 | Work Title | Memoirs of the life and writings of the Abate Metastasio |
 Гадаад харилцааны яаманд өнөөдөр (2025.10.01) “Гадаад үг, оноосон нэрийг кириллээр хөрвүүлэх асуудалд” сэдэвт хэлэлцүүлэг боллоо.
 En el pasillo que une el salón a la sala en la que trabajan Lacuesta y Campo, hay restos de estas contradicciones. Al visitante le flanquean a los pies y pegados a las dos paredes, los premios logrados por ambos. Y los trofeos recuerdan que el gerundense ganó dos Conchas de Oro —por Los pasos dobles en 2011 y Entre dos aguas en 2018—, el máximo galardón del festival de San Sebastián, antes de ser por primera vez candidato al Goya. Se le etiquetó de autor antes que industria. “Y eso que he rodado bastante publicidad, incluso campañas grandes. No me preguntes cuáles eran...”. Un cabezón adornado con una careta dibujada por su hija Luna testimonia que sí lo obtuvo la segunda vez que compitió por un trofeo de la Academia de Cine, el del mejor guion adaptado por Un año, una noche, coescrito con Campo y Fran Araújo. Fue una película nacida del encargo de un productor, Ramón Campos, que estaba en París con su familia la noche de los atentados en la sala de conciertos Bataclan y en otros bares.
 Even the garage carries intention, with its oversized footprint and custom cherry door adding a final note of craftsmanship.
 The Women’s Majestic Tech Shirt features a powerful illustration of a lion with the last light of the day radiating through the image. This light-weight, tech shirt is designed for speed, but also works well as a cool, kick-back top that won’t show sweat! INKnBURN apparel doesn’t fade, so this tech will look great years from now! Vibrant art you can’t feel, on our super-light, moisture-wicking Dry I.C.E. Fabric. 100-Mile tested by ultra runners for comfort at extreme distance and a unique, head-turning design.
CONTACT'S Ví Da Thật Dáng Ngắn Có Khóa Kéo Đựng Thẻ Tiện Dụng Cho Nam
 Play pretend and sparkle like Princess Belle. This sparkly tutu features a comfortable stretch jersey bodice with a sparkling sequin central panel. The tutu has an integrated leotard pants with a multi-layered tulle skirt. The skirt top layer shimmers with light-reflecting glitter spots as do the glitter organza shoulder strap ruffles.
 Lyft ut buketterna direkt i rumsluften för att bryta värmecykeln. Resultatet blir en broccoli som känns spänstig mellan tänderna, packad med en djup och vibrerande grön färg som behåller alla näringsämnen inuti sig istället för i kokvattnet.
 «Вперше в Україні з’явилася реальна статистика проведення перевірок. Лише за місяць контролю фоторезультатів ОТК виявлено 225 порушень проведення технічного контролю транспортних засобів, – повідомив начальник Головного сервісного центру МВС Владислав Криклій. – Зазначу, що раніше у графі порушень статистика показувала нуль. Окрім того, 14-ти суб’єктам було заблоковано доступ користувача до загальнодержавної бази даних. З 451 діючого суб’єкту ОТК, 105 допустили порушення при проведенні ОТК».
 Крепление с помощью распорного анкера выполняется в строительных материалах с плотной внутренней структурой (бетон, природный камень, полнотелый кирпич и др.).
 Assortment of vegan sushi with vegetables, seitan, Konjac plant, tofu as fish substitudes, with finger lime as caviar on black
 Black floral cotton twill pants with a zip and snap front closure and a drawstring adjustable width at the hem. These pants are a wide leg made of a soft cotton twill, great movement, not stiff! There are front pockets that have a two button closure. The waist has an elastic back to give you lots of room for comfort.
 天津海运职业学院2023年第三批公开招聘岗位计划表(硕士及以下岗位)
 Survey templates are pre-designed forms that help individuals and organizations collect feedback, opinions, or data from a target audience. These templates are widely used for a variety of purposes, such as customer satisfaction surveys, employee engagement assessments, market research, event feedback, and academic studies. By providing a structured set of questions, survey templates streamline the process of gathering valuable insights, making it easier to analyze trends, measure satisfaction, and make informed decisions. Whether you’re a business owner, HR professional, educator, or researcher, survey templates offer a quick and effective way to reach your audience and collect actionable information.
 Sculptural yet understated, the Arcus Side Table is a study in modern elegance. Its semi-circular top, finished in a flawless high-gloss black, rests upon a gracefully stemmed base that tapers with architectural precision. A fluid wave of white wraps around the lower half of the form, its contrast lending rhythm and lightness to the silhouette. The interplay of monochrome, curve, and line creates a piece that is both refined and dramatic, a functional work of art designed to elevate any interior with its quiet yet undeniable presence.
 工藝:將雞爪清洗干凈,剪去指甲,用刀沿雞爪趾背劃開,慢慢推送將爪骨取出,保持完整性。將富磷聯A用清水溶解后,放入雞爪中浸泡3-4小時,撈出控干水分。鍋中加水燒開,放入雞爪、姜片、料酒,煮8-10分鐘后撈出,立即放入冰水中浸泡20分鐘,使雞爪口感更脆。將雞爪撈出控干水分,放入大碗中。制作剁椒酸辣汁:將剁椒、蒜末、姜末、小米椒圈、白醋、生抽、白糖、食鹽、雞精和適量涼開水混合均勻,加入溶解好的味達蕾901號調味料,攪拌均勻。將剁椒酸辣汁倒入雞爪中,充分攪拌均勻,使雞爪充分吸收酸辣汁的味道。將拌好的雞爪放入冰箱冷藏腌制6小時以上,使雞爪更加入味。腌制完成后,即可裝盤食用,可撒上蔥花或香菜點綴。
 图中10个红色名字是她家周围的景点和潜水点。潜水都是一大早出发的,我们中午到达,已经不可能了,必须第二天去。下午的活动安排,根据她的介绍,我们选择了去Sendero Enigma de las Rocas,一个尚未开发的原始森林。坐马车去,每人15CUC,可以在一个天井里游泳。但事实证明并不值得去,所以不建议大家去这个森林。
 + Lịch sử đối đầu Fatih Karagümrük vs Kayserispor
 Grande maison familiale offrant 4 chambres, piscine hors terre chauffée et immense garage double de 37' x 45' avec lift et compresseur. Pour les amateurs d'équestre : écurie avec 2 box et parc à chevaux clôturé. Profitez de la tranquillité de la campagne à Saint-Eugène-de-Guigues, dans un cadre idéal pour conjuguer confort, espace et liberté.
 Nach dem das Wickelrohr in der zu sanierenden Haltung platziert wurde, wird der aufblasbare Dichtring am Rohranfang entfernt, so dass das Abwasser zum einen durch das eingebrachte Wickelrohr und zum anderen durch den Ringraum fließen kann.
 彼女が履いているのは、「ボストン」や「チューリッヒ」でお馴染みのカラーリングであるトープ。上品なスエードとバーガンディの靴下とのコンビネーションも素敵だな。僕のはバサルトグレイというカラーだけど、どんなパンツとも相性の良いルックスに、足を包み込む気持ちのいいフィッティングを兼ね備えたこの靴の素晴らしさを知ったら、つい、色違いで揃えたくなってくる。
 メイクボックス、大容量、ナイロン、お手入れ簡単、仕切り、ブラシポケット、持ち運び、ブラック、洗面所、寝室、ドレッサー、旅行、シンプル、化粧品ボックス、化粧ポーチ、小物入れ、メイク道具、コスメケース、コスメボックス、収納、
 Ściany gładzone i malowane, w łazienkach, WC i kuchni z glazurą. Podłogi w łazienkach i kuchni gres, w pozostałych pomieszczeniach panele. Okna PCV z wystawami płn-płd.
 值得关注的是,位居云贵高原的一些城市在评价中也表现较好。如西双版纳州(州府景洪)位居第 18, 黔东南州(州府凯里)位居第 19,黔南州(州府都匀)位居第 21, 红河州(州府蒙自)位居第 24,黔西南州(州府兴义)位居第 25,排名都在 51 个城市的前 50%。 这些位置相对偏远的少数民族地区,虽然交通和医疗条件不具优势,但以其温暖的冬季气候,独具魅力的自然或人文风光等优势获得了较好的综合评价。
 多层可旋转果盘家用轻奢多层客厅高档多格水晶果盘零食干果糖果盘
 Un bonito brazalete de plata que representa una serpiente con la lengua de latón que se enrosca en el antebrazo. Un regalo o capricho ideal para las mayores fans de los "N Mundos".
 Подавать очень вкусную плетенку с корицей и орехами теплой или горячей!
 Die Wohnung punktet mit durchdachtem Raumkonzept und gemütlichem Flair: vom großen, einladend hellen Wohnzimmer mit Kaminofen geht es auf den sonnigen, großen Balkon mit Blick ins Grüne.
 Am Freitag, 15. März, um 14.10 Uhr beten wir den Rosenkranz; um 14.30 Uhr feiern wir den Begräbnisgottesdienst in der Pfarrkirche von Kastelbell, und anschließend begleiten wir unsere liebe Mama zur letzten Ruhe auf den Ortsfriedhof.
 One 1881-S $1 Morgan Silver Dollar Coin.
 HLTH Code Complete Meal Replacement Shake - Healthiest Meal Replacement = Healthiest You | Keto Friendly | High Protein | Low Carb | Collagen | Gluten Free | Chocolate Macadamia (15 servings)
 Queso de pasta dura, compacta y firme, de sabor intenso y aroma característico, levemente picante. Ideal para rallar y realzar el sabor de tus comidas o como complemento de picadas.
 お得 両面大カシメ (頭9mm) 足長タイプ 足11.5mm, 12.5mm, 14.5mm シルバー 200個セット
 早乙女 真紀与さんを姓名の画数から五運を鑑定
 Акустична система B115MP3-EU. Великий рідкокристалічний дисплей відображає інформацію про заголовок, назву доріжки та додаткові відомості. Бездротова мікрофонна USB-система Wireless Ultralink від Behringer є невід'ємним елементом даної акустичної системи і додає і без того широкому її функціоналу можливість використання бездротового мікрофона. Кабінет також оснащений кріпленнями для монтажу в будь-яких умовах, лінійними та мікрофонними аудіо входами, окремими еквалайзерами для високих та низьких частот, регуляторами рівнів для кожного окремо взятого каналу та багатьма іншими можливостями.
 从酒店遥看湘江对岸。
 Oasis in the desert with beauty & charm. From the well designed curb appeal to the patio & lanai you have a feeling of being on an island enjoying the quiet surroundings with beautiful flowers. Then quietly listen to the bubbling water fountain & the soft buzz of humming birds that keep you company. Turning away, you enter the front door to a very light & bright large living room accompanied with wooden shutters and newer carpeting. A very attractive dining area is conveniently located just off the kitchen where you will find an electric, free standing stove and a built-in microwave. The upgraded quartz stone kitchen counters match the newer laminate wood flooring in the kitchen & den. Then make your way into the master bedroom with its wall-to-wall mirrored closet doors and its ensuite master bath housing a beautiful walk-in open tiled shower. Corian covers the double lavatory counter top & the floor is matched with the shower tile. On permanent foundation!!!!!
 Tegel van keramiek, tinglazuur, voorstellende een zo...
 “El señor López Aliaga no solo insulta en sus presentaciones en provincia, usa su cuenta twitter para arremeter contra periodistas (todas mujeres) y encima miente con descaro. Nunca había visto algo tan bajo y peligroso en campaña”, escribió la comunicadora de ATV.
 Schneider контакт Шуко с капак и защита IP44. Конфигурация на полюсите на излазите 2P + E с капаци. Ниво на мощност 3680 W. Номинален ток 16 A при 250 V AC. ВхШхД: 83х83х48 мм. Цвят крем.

■ ■ ■ ■ ■ ■ ■

◆ **Problem to solve**: Starting at the line that contains "Nach dem das" and stopping after the line that contains "彼女が履いているのは、「ボス", write out every line exactly as it appears above, and no other line.

◆ **Finished exercise**:
 Nach dem das Wickelrohr in der zu sanierenden Haltung platziert wurde, wird der aufblasbare Dichtring am Rohranfang entfernt, so dass das Abwasser zum einen durch das eingebrachte Wickelrohr und zum anderen durch den Ringraum fließen kann.
 彼女が履いているのは、「ボストン」や「チューリッヒ」でお馴染みのカラーリングであるトープ。上品なスエードとバーガンディの靴下とのコンビネーションも素敵だな。僕のはバサルトグレイというカラーだけど、どんなパンツとも相性の良いルックスに、足を包み込む気持ちのいいフィッティングを兼ね備えたこの靴の素晴らしさを知ったら、つい、色違いで揃えたくなってくる。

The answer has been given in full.